È una nuova specialità della cucina politica romana. Le primarie alla chetichella. Una manciata di candidati, la massima frammentazione provocata dagli “unitari”, il convitato di pietra sugli autobus.
Si vota il 20 giugno ma non lo sa quasi nessuno. Meno semo, mejo stamo.
Ora, per punti: se si vuole davvero “liberare” Roma, sarebbe “carino” si tenesse un dibattito tra i candidati che verta proprio sull’argomento: «Liberarsi sì, ma di chi?».
Mi spiego con un aneddoto: quando scoppiò Mafia capitale, nel bagno di un teatro, incrociai per caso Ignazio Marino, allora sindaco, a cui dissi di sciogliere il Consiglio comunale e di ripresentarsi alle elezioni più forte e limpido di prima. Altrimenti avrebbero di lì a poco sciolto lui (Marino può confermare).
Per ragioni di potere, Marino fu in effetti “sciolto” dal notaio dall’allora gruppo dirigente, che poi perse miseramente le elezioni.
In tutti questi anni non si è trovato un candidato che partisse da lontano e costruisse una proposta politica vissuta dalla città.
C’è però l’intruso, quello che in questi anni ha amministrato, che era con Marino in quella fase convulsa, che ha retto un Municipio che sembrava un’isola politica felice, e che si è dato da fare per una candidatura senza etichette ma con parecchie idee. Si chiama Giovanni Caudo.

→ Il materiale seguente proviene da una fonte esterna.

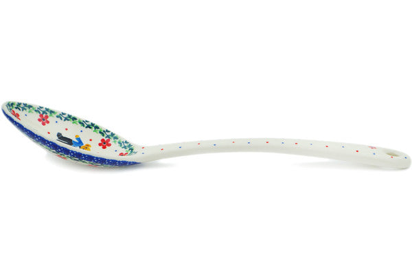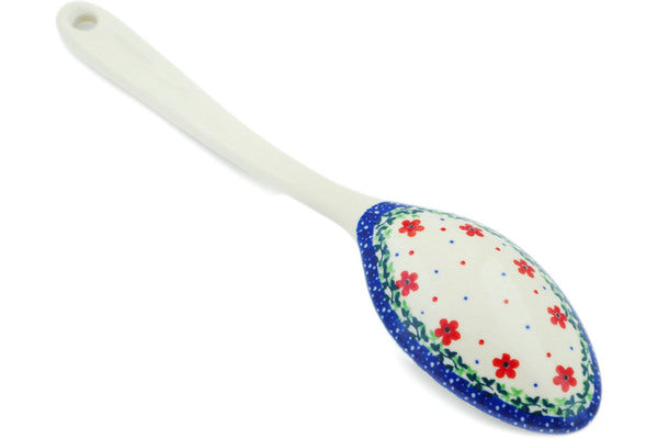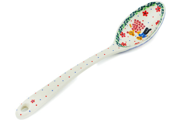 This Royal Teddy 13" Serving Spoon was handmade and hand decorated in Boleslawiec, Poland by skilled artisans according to old traditional methods. This is a Polish pottery Signature Unikat, which means that it has been hand painted with both sponges and brushes and it is signed by the artist who painted it. Unikat pieces are the most intricate works of art. Larger Unikat items take hours of very careful work to finish. This Polish stoneware is microwave, dishwasher, freezer, and oven safe up to 480°F. It does not contain lead or cadmium. It is part of the Royal Teddy Collection.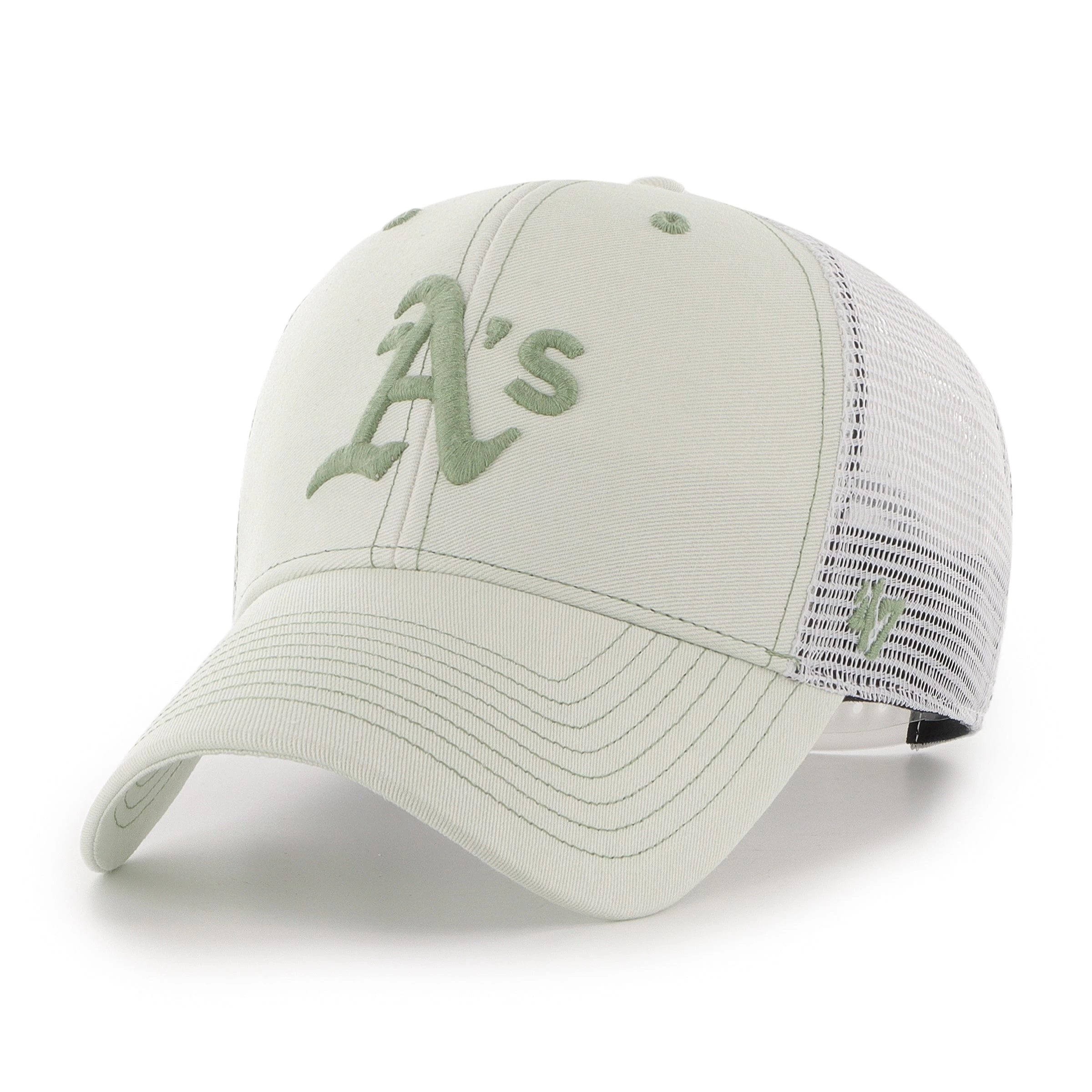 The Haze Mesh ’47 MVP has a structured crown, a curved visor, and a plastic snapback closure. The front has raised embroidery. Made from garment wash and hard mesh.

Votatelo, fate la cauda al gazebo dice ridendo un mio amico. Altrimenti non ci libereremo, mi sa. E vinceranno altri, quelli del potere fine a se stesso. Quelli del notaio (notabili?). Quelli che dovevano abbandonare la politica e non l’hanno fatto mai. Anzi. Sono sempre in prima fila. Abbonati, proprio.